I gather (from the little you posted) that he was saying when termination doesn't feel so hard, maybe that is a good time to think about slowing down.

I also really think all these blurred boundaries between what marriage counseling he provides (as should be his sole job), versus all the individual therapy you receive from him in the end is going to hurt you.
Yeah, part of session today was me talking about some stuff that T had said and MC saying how I was projecting onto her. So I'm sure I'm doing that with him, too. I think I just want him to reassure me...but then I know I'm not supposed to want that either. This is just harder because our next session isn't for 2 weeks... (I don't see T for another 2 weeks either).

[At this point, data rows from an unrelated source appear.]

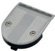
Cutting Head 18524
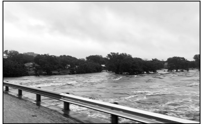
FLASH FLOOD IN KERR COUNTY
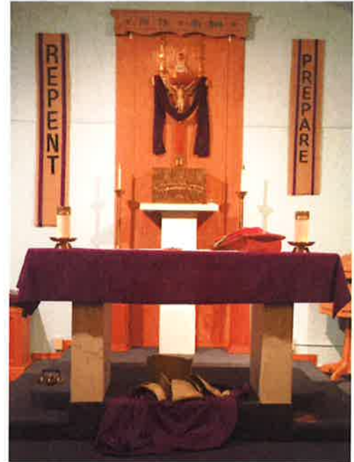
Elba Site 65 S. Main St., Elba
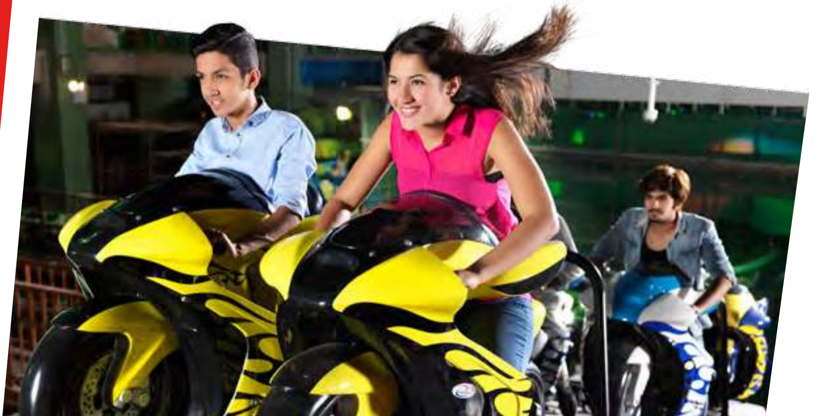
The brand new Gravity Moto Coaster

More excitement guaranteed with the addition of another fun-packed roller coaster
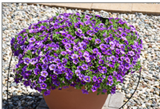
Unique Blue Violet Calibrachoa in bloom
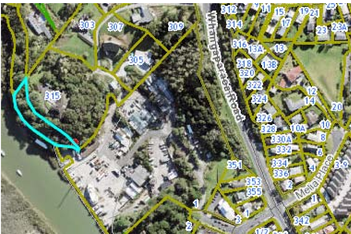
2. Karaka Cove (Lot 8 DP 429799)
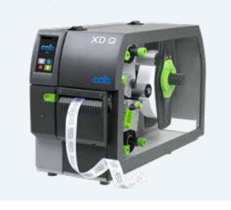
Label printers XD Q double-sided
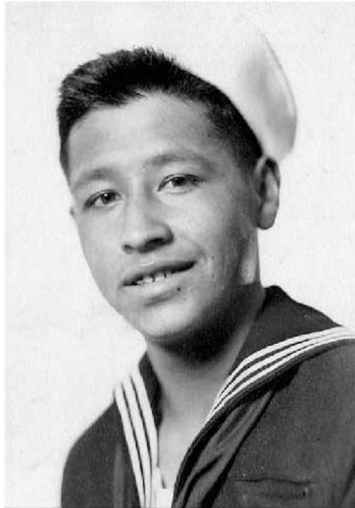
César in his U.S. Navy uniform.

The people César helped often wanted to give him a little bit of money to pay for gas and for his help. César never took any of their money because his mother would have been mad at him. She used to say, "You always have to help the needy, and God will help you."
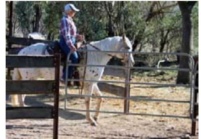
Starting to turn with gate
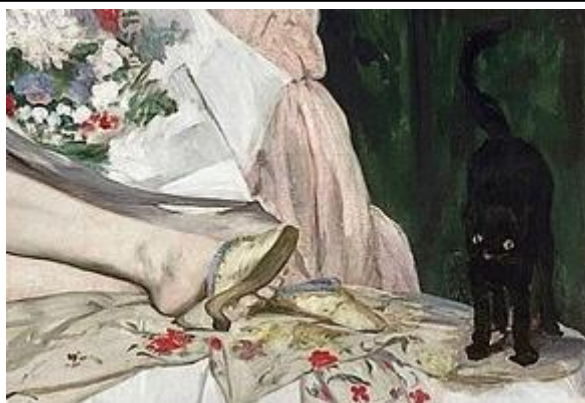
Figure 2. Cat Shape Idea in “Olympia” Painting
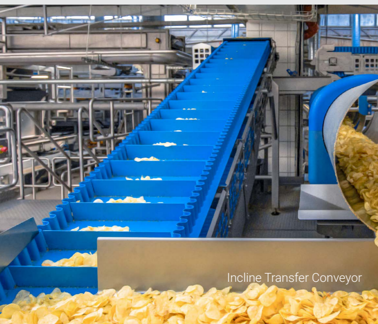
Incline Transfer Conveyor
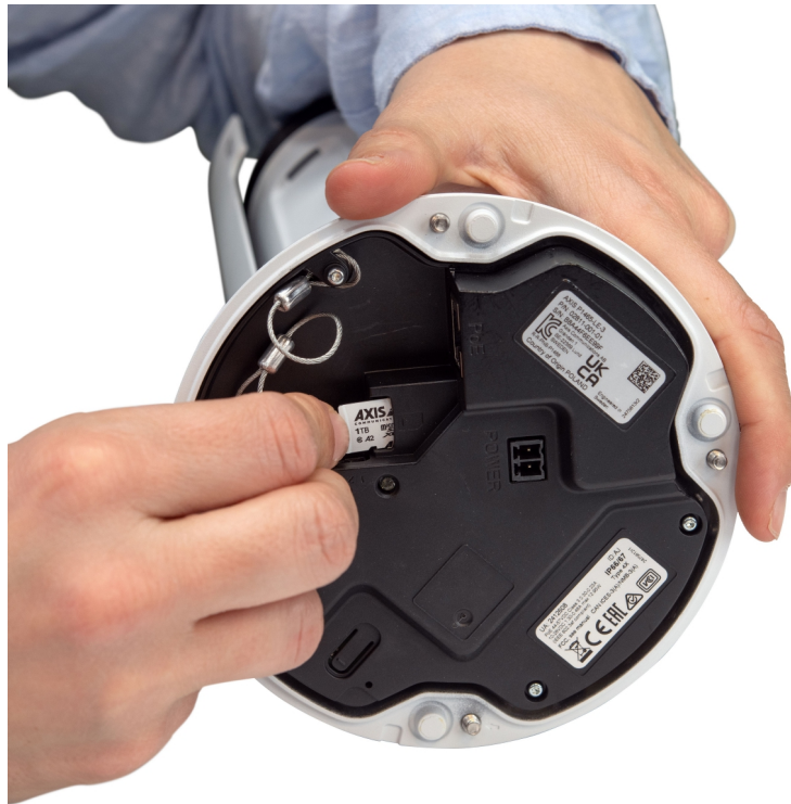
Figure 1. A surveillance card in an Axis camera.

Axis surveillance cards are high endurance microSDXC™ cards that are specially developed to match the typical memory-writing behavior of a surveillance camera. They can be written and overwritten many more times than consumer-grade SD cards can. Thus, the same card can remain in the camera for a longer time without wearing out. Axis surveillance cards come with a 5-year warranty, but versions with 256 GB storage and higher have shown to generally last even beyond 10 years or for as long as you typically use the camera.
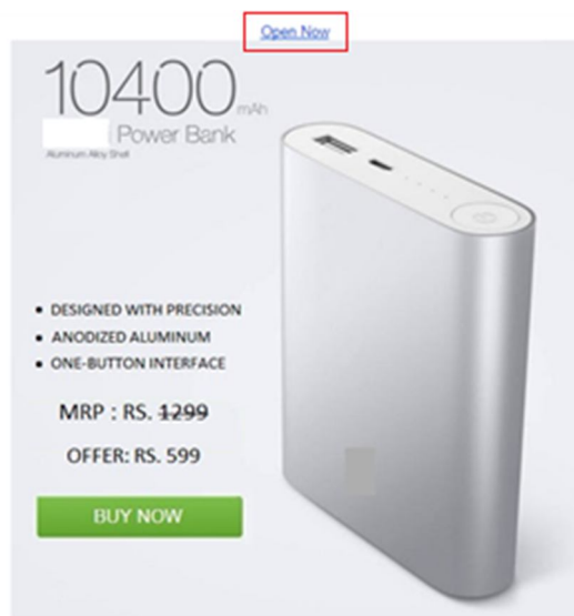
[ Fig. 1: Attractive e-mail image ]

The Terrorist group creates online shopping offers attractive e-mail and sent it to the victim. In this e-mail power bank shopping discount image and one link is provided for more know more about the power bank details as shown in a figure.
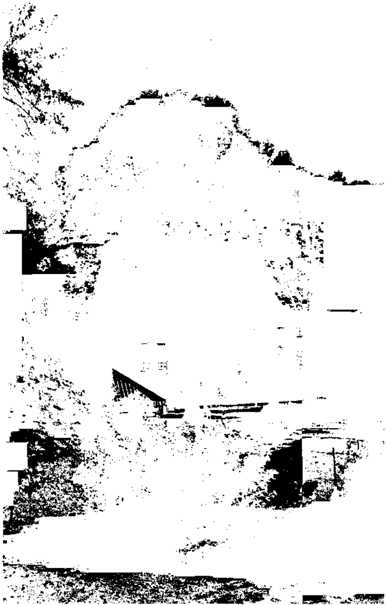
BIRTHPLACE OF ENGELS IN BARMEN.
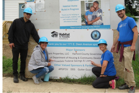
Pictured: Employees from Rosedale Federal Savings & Loan recently participated in a sponsored Team Build Day at our build site on Deen Avenue, Aberdeen. Rosedale Federal has been a longtime supporter and sponsor of Habitat Susquehanna's mission. Visit our website for sponsorship levels.

These build days promote friendship, teamwork and volunteerism with your group, and are a rewarding and impactful way to partner with us in support of our local communities.
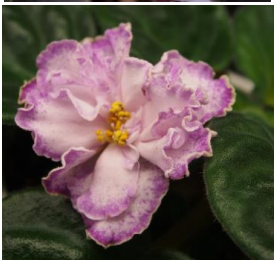
Kazumi SD Light pink/red sparkle band, white pink edge. Medium green, plain, pointed, quilted leaf.
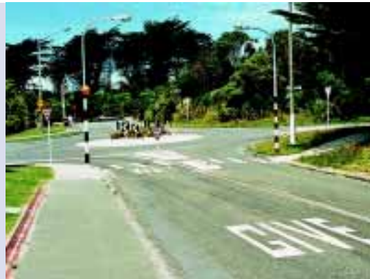
Good pedestrian design with linking paths and clear visibility
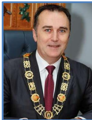
Mayor of Belleville Neil Ellis

Outgoing Belleville Mayor Neil Ellis has just confirmed that he will speak at PEO's upcoming Eastern Region GLP Academy and Congress.
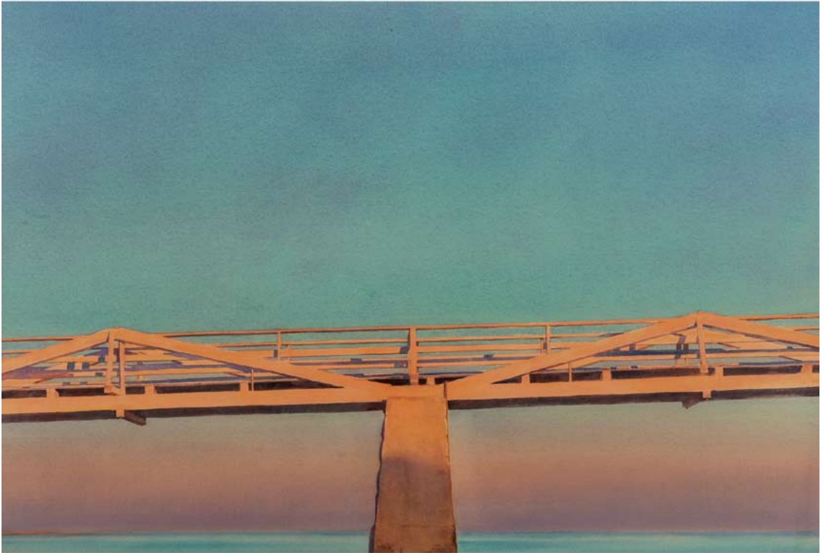
Marshall Point 2014 watercolor 31 x 46 inches
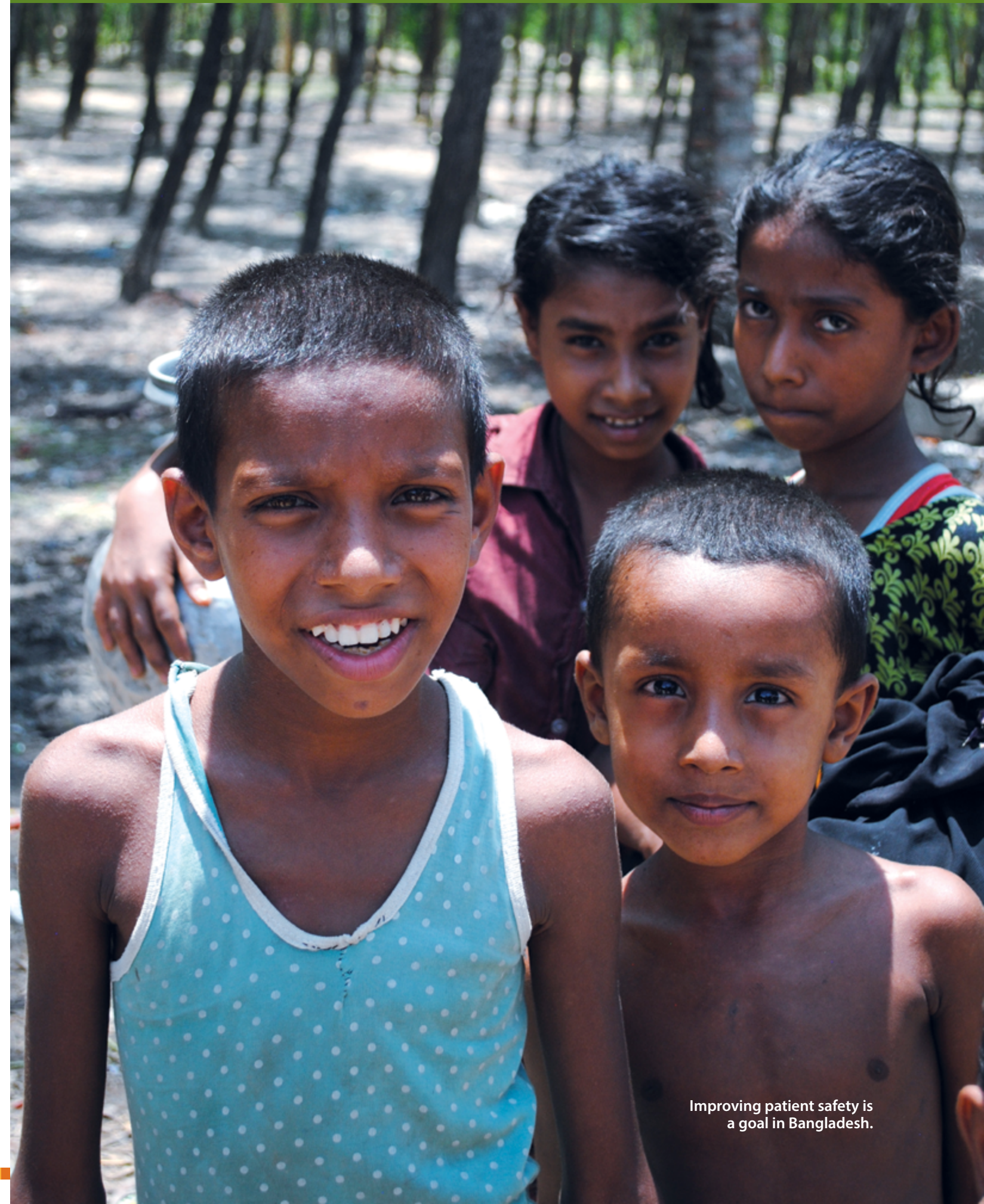
Improving patient safety is a goal in Bangladesh.

taking prescription medicine in Bangladesh, AmeriCares collaborated with GSK and local health organizations to train pharmacy clerks in Mymensingh. With our training, pharmacy clerks at one hospital now have the knowledge to safely dispense medicine, including providing patients with information on completing their treatment—a crucial instruction in low-resource countries where improper use of antibiotics leads to antibiotic-resistant infections. The pharmacy clerks are trained to pass the knowledge to others, creating a culture of safety and responsibility.

I was actually the one who said that I wanted to wait till termination didn't feel so hard to slow down (I'm sure it was unclear the way I worded it!) I only brought up termination because H and I have been doing fairly well lately, so I didn't know if MC was sitting there thinking, "why are they still coming here?" He did say several times that he wasn't talking about termination now, but referring to "When we have the conversation about termination,..."

I think much of this is coming from me, knowing we should be reducing sessions (he did say we could still have a regular slot if we went to every two weeks, which was good to know). But then not wanting to reduce them, not because my marriage is struggling, but because of the transference stuff.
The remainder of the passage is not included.